When working with data types such as currency or percentage, we typically convert them to their decimal equivalents for most destinations. However, when reconnecting to these destinations and following the existing table path, you might encounter difficulties mapping, for example, currency to a decimal column. In such cases, try changing the data type in the editor to decimal, as this will facilitate easier mapping to the existing table and column.

Advanced topics

Using staging before loading to a destination

To improve performance of query processing, staging can be used within Dataflows Gen2 to use Fabric compute to execute your queries.

When staging gets enabled on your queries (the default behavior), your data gets loaded into the staging location, which is an internal Lakehouse only accessible by dataflows itself.

Using staging locations can improve performance in some cases where folding the query to the SQL analytics endpoint is faster than in-memory processing.

When you're loading data into the Lakehouse or other non-warehouse destinations, we disable the staging feature by default to improve performance. When you load data into the data destination, the data gets written directly to the data destination without using staging. If you want to use staging for your query, you can enable it again.

To enable staging, right-click on the query and enable staging by selecting the Enable staging button. Your query then turns blue.

Screenshot of the query drop-down menu with Enable staging emphasized.

Loading data into the Warehouse

When you load data into the Warehouse, staging is required before the write operation to the data destination. This requirement improves performance. Currently, only loading into the same workspace as the dataflow is supported. Ensure staging is enabled for all queries that load into the warehouse.

When staging is disabled, and you choose Warehouse as the output destination, you get a warning to enable staging first before you can configure the data destination.

Screenshot of the Add data destination warning.

If you already have a warehouse as a destination and try to disable staging, a warning is displayed. You can either remove the warehouse as the destination or dismiss the staging action.

Screenshot of the Enable staging warning.

Vacuuming your Lakehouse data destination

When using Lakehouse as a destination for Dataflow Gen2 in Microsoft Fabric, it's important to perform regular maintenance to keep optimal performance and efficient storage management. One essential maintenance task is vacuuming your data destination. This process helps to remove old files that are no longer referenced by the Delta table log, which optimizes storage costs and maintains the integrity of your data.

Why vacuuming is important

  1. Storage Optimization: Over time, Delta tables accumulate old files that are no longer needed.
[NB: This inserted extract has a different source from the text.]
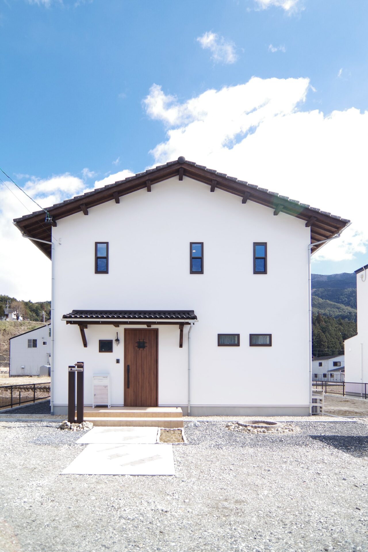 シンプルな切妻屋根と漆喰の白が美しい外壁。ヨーロッパの家を思わせます。

Vacuuming helps to clean up these files, freeing up storage space and reducing costs.
  2. Performance Improvement: Removing unnecessary files can enhance query performance by reducing the number of files that need to be scanned during read operations.
  3. Data Integrity: Ensuring that only relevant files are retained helps maintain the integrity of your data, preventing potential issues with uncommitted files that could lead to reader failures or table corruption.

How to vacuum your data destination

To vacuum your Delta tables in Lakehouse, follow these steps:

  1. Navigate to your Lakehouse: From your Microsoft Fabric account, go to the desired Lakehouse.
  2. Access table maintenance: In the Lakehouse explorer, right-click on the table you want to maintain or use the ellipsis to access the contextual menu.
  3. Select maintenance options: Choose the Maintenance menu entry and select the Vacuum option.
  4. Run the vacuum command: Set the retention threshold (default is seven days) and execute the vacuum command by selecting Run now.

Best practices

  • Retention period: Set a retention interval of at least seven days to make sure that old snapshots and uncommitted files aren't prematurely removed, which could disrupt concurrent table readers and writers.
  • Regular maintenance: Schedule regular vacuuming as part of your data maintenance routine to keep your Delta tables optimized and ready for analytics.
  • Incremental refreshes: If you're using incremental refreshes, ensure that vacuuming is turned off as it can interfere with the incremental refresh process.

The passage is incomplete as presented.